Nano-membrane toilet to eliminate water for sanitation

As part of the Gates Foundation global challenge to reinvent the toilet in developing nations, the UK’s Cranfield University has designed a solution that uses nano and advanced water treatment technologies...

As part of the Gates Foundation global challenge to reinvent the toilet in developing nations, the UK’s Cranfield University has designed a solution that uses nano and advanced water treatment technologies.

The university received $800,000 worth of funding from the ‘Reinvent the Toilet Challenge’ of the Bill & Melinda Gates Foundation Water (see Water & Wastewater International story)

Cranfield’s Nano Membrane Toilet can treat human waste on-site without external energy or water, allowing it to be safely transported away and potentially reused.

The concept uses a combination of nano and advanced water treatment technologies and works by essentially reducing the water content of the sludge through membranes that allow extraction of water as a vapour, using a mechanism powered by the user.

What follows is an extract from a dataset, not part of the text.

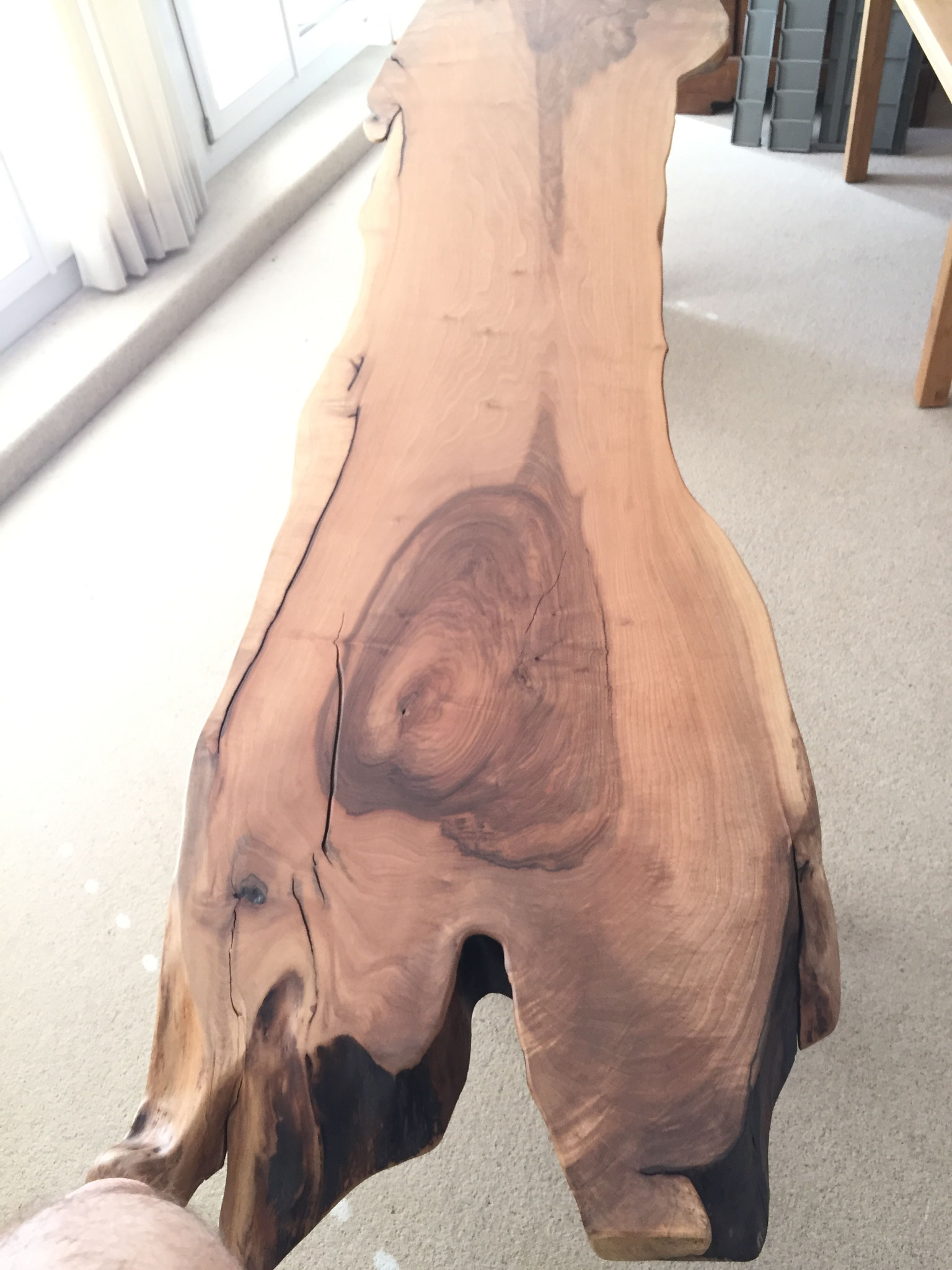 Urige Nussbaum-Platte. Mit Riss von Blitzschlag. Nr. 1090. Länge 265cm. Breite 75-95cm. RESERVIERT.
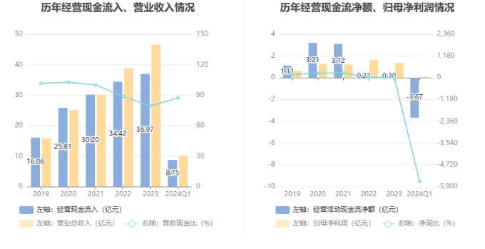 2024年第一季度,公司营业收入现金比为87.24%,净现比为-5621.36%。

Resulting sludge moves downwards under gravity and is encapsulated in briquette form, with the potential for reuse in combusting or applying to land as a fertiliser.

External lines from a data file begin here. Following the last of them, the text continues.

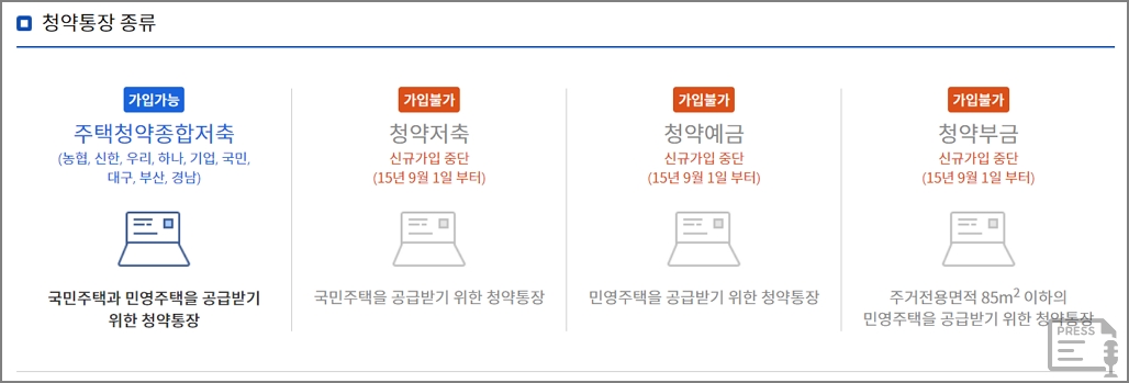 지금 가입가능한 청약통장은 주택청약종합저축입니다. 청약저축, 청약예금, 청약부금 등은 신규 가입이 중단되었습니다.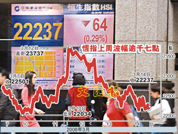 港股ADR中,跌幅最大的為國壽,其ADR折合價(jià)為26.87元,較港股周五收市跌3.1%,匯控與聯(lián)通也跌2.4%至2.45%。高信投資行政總裁沈慶洪認(rèn)為,貝爾斯登的財(cái)困情況,未必是單一例子,類同事件或會繼續(xù)爆發(fā),故18日港股將下試今年低位21709點(diǎn),其后在減息刺激下,或會稍為回穩(wěn),但本周末段時(shí)間,仍有機(jī)會再度下試21100低位后,恒指的調(diào)整才有機(jī)會喘定。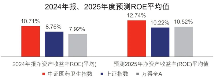 行业维持相对高成长:中证医药指数2024年报ROE平均值、2025年度预测ROE平均值,明显好于上证指数和万得全A指数。

Cranfield University said the reinvented toilet will also have potential in developed as well as developing countries, such as Africa.

The results of the first round of grants are being featured at the Reinvent the Toilet Fair on August 14 and 15, 2012 at the foundation’s offices in Seattle, Washington. The fair will showcase innovations from around the world, working towards the shared vision for a ‘reinvented toilet’.

A prototype of the Cranfield concept is due for completion next year.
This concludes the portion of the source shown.